Where did my inspiration for “THE STRANGE COURTSHIP OF ABIGAIL BIRD” originate? I’ve been writing novels and screenplays professionally for years and I still don’t really have a clue how that phenomenom works, but in this particular case, I knew two things from the get go—that I wanted to write something about two extremely bookish people who fall in love and that I wanted to start the novel with the words “Call Me Ishmael.” (It was distressing to learn later that some other writer, a guy name Melville, had opened his novel with the exact same sentence.)
But I’m not sure that counted as inspiration. It was really just a vague premise, not nearly enough to start writing. Vague premises pop into my head all the time but most of them never develop into anything beyond that stage. In fact, I abandoned the Abigail idea several times before it finally clicked.
Since I tend to write in the first person, one of the most diffcult tasks for me is finding the voice of the protagonist. I have frequently abandoned novels because the voices I tried just didn’t ring true or because the main character was not sympathetc enough or because I just didn’t like him or her that much. In my opinion, it should be fun to write in a character’s voice; if it’s not, if it’s drudgery, and you find yourself uncertain about his or her motivations or actions, then the voice is probably not right.

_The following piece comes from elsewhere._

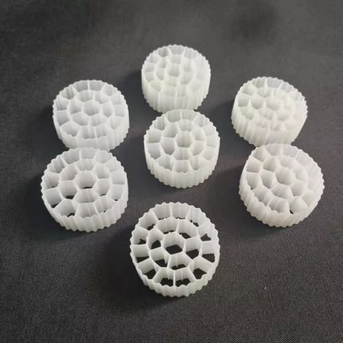 Giá thể vi sinh dạng bánh xe hay còn được gọi là Đệm vi sinh dạng bánh xe được ứng dụng rộng rãi trong các hệ thống xử lý nước thải với hiệu quả cao, tiết kiệm diện tích, tối ưu hóa chi phí đầu tư và vận hành hệ thống xử lý nước thải. Giá thể vi sinh dạng bánh xe là một loại vật liệu được bổ sung vào quá trình xử lý nước thải bằng phương pháp sinh học để tăng diện tích tiếp xúc giữa vi sinh vật và nước thải. Từ đó gia tăng sinh khối giúp quá trình phân hủy sinh học diễn ra nhanh chóng với hiệu suất xử lý cao, giảm thiểu được lượng bùn sinh ra. Tặng hiệu quả và sự vận hành ổn định của hệ thống. Giảm thiểu mùi hôi do sự phân hủy sinh học của các hợp chất hữu cơ.

In the case of Ishmael Archer, the novel’s main character, finding the right voice was blessedly simple. I knew that he was a man who had been obsessed with novels, primarily the classics, from the age of six. Therefore, it would not be much of a stretch to give him the somewhat archaic speaking style of a character from a 19th Century novel. He would be somewhat haughty, a bit stuffy but his formal language style would be so out of place for the 21st Century that he became something of a fish out of water, not to mention a stickler for grammar.
Once I felt comfortable putting words into Ishmael’s mouth, creating his love interest, Abigail Bird, was relatively simple, as she shared his obsession with literature. Yet I knew that I could not have Abigail simply mimic Ishmael’s style, so I made her a bit less formal and stuffy. For example, she uses contractions and some vernacular phrases; Ishmael never does.
In any case, that’s all I had at first—an opening line and a vague concept. No story, no beginning, no end. The Anna Karenina stuff came much later.
As for the rest of the book, I just winged it. I’ve used outlines for screenplays, because producers generally require them and because I secured most of my deals from pitching stories to studio development execs. My Hollywood writing career began the usual way—by writing spec scripts. But after my first movie came out (“Short Time” — 20th Century Fox), I was suddenly a known quantity and was able to pitch (although I was godawful at it.)
But I don’t use outlines for novels. I seldom have a precise ending in mind when I begin, which can be dangerous if you get to page 300 and have no idea where to go. But for me, the discovery process is enjoyable and I find that if I follow the character’s voice and motivation, and if I throw a few balls in the air, so to speak, I can usually invent a fairly interesting ending, one with a few twists and surprises.
Of course, it’s important to love to write, and I do, Finishing that first draft and typing the words, “The End,” can be a real kick. But then comes the hard part—rewriting, aguably the most important part of the process. By rewriting, I do not mean proofreading. I mean editing out or adding whole chapters, changing and refining characters, locating and changing discrepancies, making the language sing and so on. I often find myself rewriting 20 or 30 times and even then I am seldom completely satisfied but I know that eventually I will have to stop.
It’s the next part that I despise the most—handing the manuscript in to my agent, waiting for her to read it, doing more rewrites, going nuts as the she sends it around to editors, trying not to bug her with nagging phone calls. Yes, you will be joyful if the novel sells, but in my experience that euphoria is short-lived because the next chore is particpating in the marketing (readings, utilizing social networks and so forth), knowing full well, that if this book does not do well, it will become much more difficult to sell your next one.